• _Exercise requirements_: Where the lines below hold images, skip those and copy every word exactly.

• _Data section_:
□ □ □ □ □ □ □

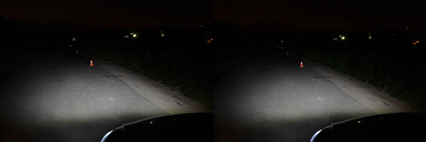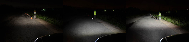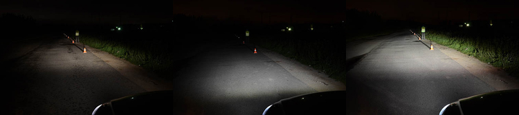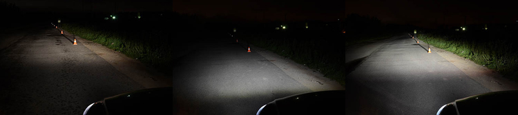 Сравнение светового пятна от разных источников света. Слева - штатный свет, галогенные лампы накаливания, по центру – светодиодные лампы установленные в штатную оптику, справа – линзованный ксенон Xenite L-03 врезанный в штатную блок фару.
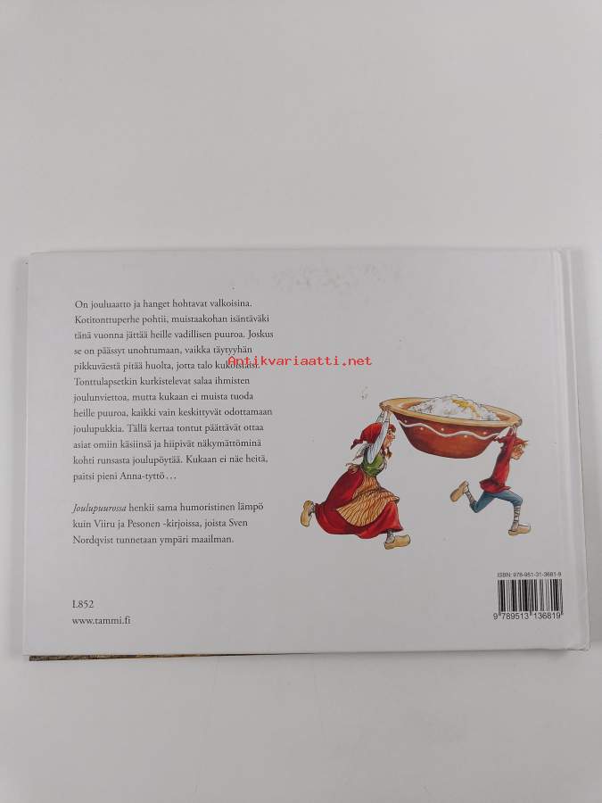 Jenny Nyströn. Tonttu antaa joulu puuroa talli kissalleNyrkkipostia.
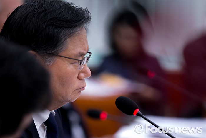 (서울=포커스뉴스) 30일 오후 서울 여의도 국회에서 열린 교육문화체육관광위원회 전체회의에 참석한 김호섭 동북아역사재단 이사장이 도종환 더불어민주당 의원의 질의를 듣고 있다.
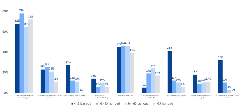‘Ondernemers zijn het meest geneigd om advies te zoeken rond financiële planning en investeringen en juridische kwesties. Opvallend is dat strategische vraagstukken, zoals bijvoorbeeld klantenstrategie, innovatie en de bedrijfsstrategie, minder vaak het onderwerp zijn van advies. Enkel ongeveer de helft van de ondernemers jonger dan 45 jaar oud (41%) zegt hier advies over te zoeken.

□ □ □ □ □ □ □

• _Answer to this task_:
 Сравнение светового пятна от разных источников света. Слева - штатный свет, галогенные лампы накаливания, по центру – светодиодные лампы установленные в штатную оптику, справа – линзованный ксенон Xenite L-03 врезанный в штатную блок фару.
 Jenny Nyströn. Tonttu antaa joulu puuroa talli kissalleNyrkkipostia.
 (서울=포커스뉴스) 30일 오후 서울 여의도 국회에서 열린 교육문화체육관광위원회 전체회의에 참석한 김호섭 동북아역사재단 이사장이 도종환 더불어민주당 의원의 질의를 듣고 있다.
‘Ondernemers zijn het meest geneigd om advies te zoeken rond financiële planning en investeringen en juridische kwesties. Opvallend is dat strategische vraagstukken, zoals bijvoorbeeld klantenstrategie, innovatie en de bedrijfsstrategie, minder vaak het onderwerp zijn van advies. Enkel ongeveer de helft van de ondernemers jonger dan 45 jaar oud (41%) zegt hier advies over te zoeken.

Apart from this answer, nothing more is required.